◆ What is needed ◆
Transcribe the listing below only from the line with "Bệnh viện Phụ sản (người" up to and including the line with "Kết quả Hội".

Start of Block

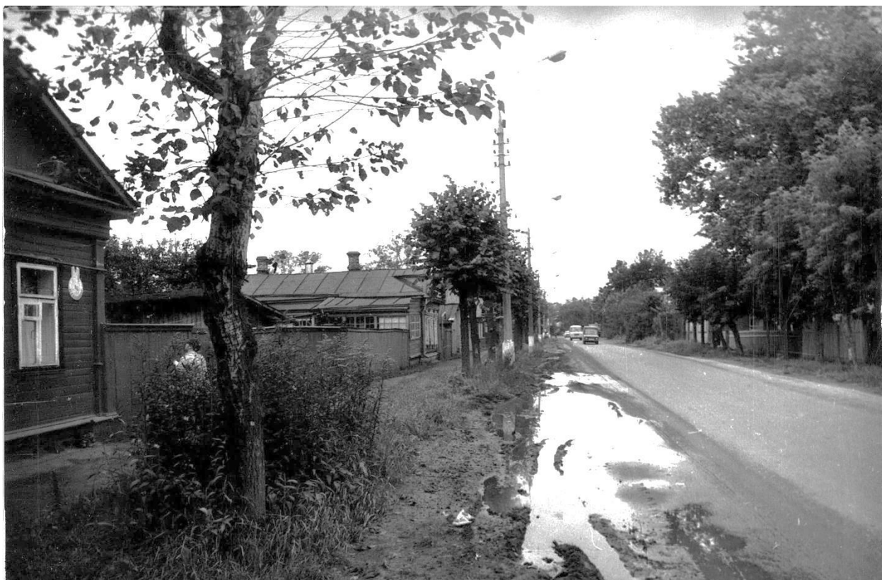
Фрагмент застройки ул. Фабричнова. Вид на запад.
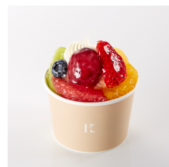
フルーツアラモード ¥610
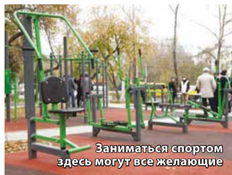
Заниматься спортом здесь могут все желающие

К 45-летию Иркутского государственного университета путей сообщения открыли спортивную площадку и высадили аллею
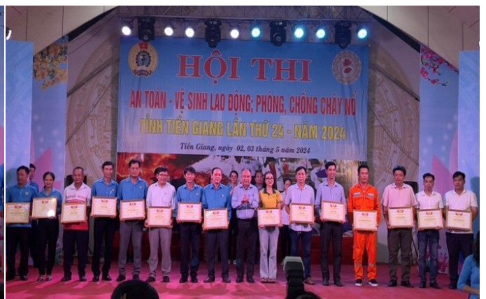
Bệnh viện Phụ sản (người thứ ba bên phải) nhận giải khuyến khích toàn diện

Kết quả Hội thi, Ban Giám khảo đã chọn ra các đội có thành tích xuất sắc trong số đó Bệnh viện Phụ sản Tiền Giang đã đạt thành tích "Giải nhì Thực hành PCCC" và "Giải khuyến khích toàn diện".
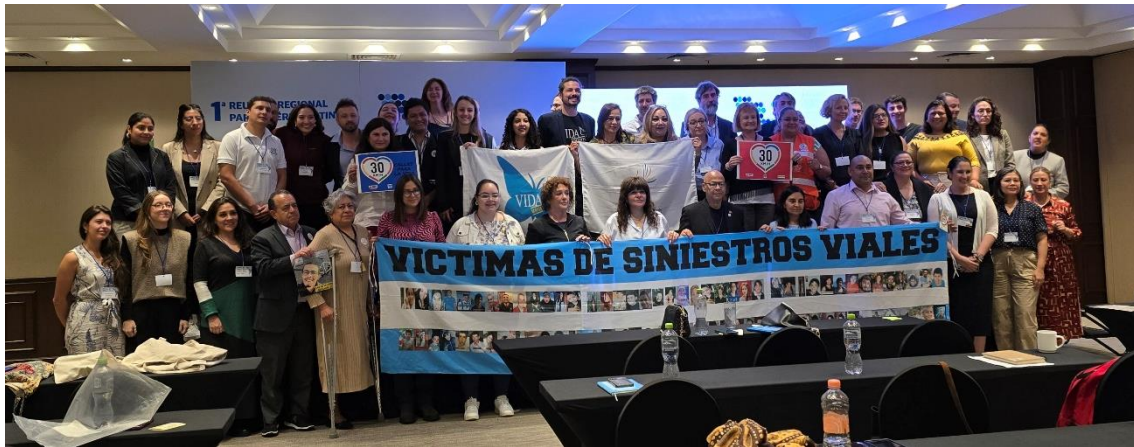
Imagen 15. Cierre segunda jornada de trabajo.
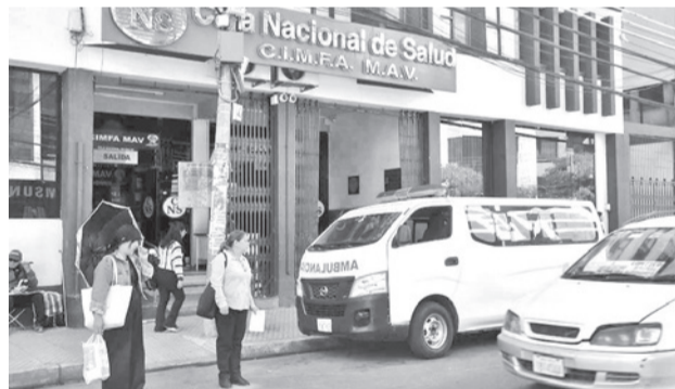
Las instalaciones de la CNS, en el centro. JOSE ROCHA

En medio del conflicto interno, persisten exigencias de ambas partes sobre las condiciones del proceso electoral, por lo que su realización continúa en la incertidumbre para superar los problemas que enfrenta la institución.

End of Block
Start of Block

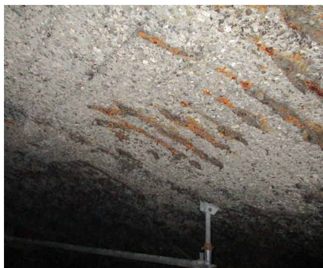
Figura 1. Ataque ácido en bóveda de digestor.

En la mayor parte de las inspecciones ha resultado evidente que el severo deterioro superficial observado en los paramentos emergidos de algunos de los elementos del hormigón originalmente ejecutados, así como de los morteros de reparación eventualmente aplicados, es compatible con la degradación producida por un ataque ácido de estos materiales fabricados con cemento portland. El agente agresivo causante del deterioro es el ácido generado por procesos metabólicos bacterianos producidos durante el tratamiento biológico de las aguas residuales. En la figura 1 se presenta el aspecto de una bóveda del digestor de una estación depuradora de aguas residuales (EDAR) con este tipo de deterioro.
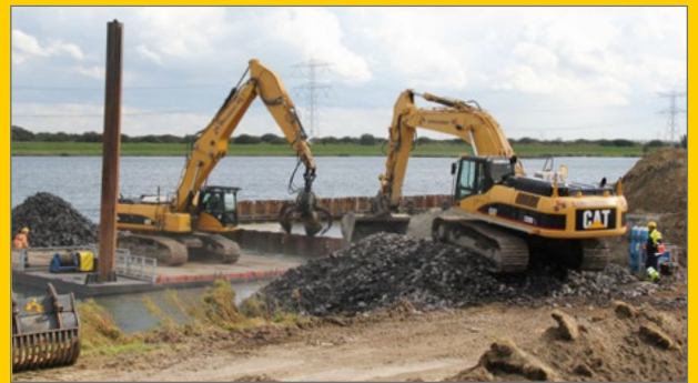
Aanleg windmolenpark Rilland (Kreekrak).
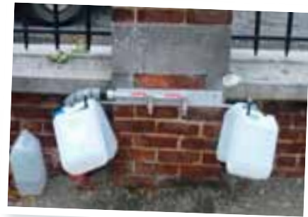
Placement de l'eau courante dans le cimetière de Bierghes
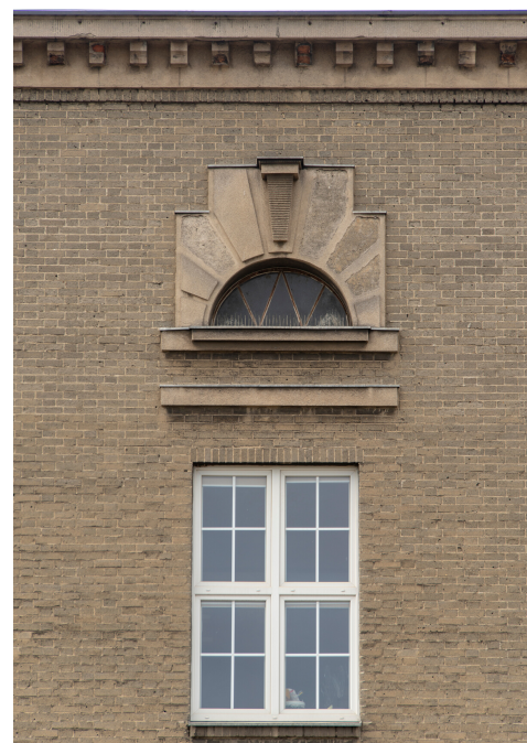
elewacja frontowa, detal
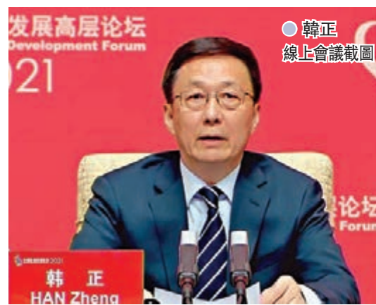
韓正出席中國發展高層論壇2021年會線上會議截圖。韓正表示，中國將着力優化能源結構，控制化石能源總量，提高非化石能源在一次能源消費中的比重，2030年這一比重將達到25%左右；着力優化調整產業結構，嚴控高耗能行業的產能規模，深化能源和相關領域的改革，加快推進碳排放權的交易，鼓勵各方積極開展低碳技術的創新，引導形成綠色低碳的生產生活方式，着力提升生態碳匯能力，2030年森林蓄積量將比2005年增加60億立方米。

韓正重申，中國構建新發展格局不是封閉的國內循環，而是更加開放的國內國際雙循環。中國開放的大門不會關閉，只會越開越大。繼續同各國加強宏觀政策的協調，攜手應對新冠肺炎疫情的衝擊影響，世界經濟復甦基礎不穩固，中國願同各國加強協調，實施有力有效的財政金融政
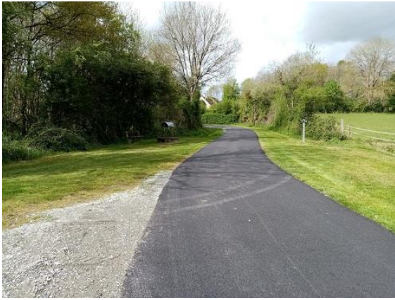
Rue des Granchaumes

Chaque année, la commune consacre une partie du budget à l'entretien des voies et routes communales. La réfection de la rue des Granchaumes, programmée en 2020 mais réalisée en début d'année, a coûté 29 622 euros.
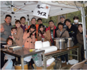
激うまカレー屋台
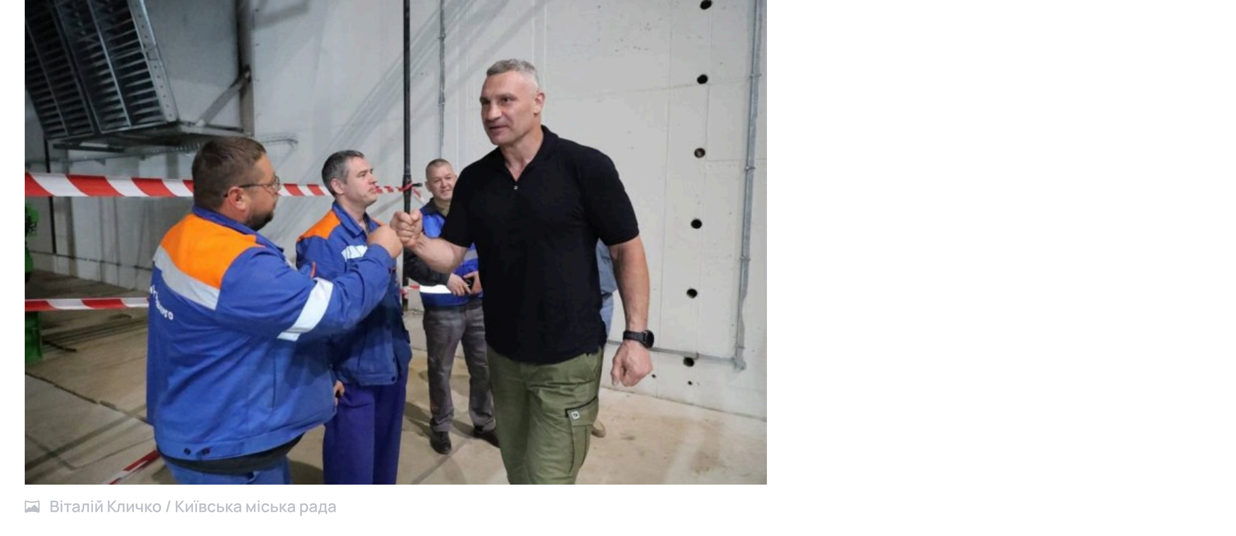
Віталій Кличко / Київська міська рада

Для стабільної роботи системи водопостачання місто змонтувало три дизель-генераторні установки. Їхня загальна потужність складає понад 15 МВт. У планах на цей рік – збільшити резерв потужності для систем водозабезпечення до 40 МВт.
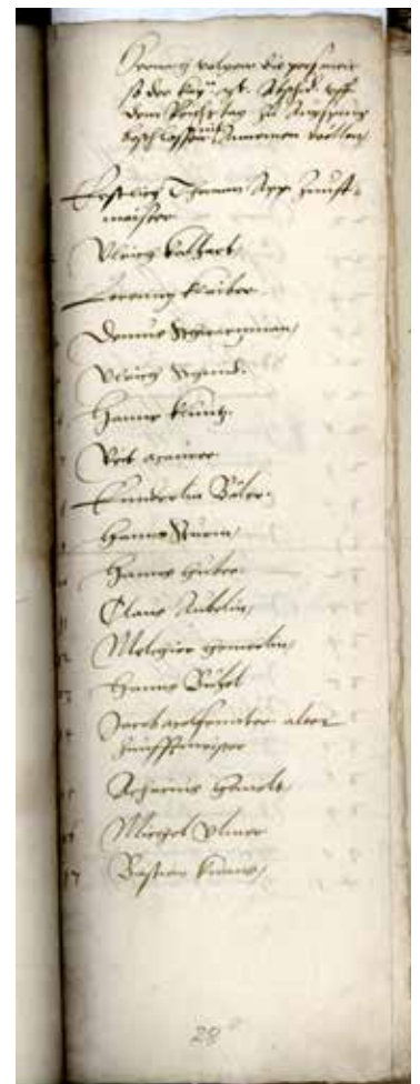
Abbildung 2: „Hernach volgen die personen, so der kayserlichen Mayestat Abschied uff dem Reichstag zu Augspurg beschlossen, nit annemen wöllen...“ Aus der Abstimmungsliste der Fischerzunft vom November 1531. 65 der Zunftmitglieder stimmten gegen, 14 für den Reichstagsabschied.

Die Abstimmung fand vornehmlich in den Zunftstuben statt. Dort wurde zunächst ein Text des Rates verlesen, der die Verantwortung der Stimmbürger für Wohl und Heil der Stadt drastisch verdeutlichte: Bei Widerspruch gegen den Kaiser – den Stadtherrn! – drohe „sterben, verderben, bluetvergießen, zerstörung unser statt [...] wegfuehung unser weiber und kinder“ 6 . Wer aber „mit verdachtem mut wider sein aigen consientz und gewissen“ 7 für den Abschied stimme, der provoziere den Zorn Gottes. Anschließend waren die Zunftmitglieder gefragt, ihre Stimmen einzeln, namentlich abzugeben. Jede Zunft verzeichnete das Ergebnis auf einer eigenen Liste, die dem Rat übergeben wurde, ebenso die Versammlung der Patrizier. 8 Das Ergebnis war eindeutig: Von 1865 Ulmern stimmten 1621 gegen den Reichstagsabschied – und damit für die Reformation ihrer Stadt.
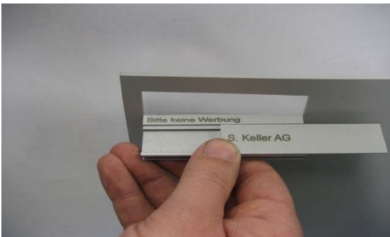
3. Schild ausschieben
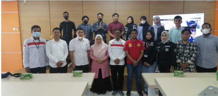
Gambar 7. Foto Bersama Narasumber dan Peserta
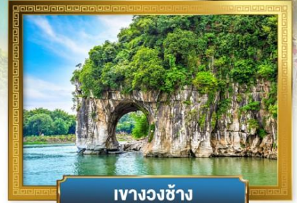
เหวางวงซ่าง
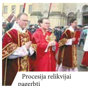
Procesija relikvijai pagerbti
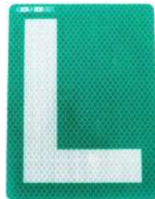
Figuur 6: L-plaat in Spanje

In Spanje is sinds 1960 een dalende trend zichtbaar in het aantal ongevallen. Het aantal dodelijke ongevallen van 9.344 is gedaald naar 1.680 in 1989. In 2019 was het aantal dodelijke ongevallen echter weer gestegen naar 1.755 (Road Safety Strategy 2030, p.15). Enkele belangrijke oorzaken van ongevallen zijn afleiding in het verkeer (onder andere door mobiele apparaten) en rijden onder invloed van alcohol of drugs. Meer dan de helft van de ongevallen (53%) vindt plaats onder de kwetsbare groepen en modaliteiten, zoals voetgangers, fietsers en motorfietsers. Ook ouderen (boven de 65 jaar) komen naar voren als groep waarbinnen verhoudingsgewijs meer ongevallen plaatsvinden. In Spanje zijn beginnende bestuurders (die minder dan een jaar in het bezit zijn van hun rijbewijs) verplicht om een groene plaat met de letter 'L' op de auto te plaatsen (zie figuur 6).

End of Block

◆ Output for this exercise ◆
Bệnh viện Phụ sản (người thứ ba bên phải) nhận giải khuyến khích toàn diện

Kết quả Hội thi, Ban Giám khảo đã chọn ra các đội có thành tích xuất sắc trong số đó Bệnh viện Phụ sản Tiền Giang đã đạt thành tích "Giải nhì Thực hành PCCC" và "Giải khuyến khích toàn diện".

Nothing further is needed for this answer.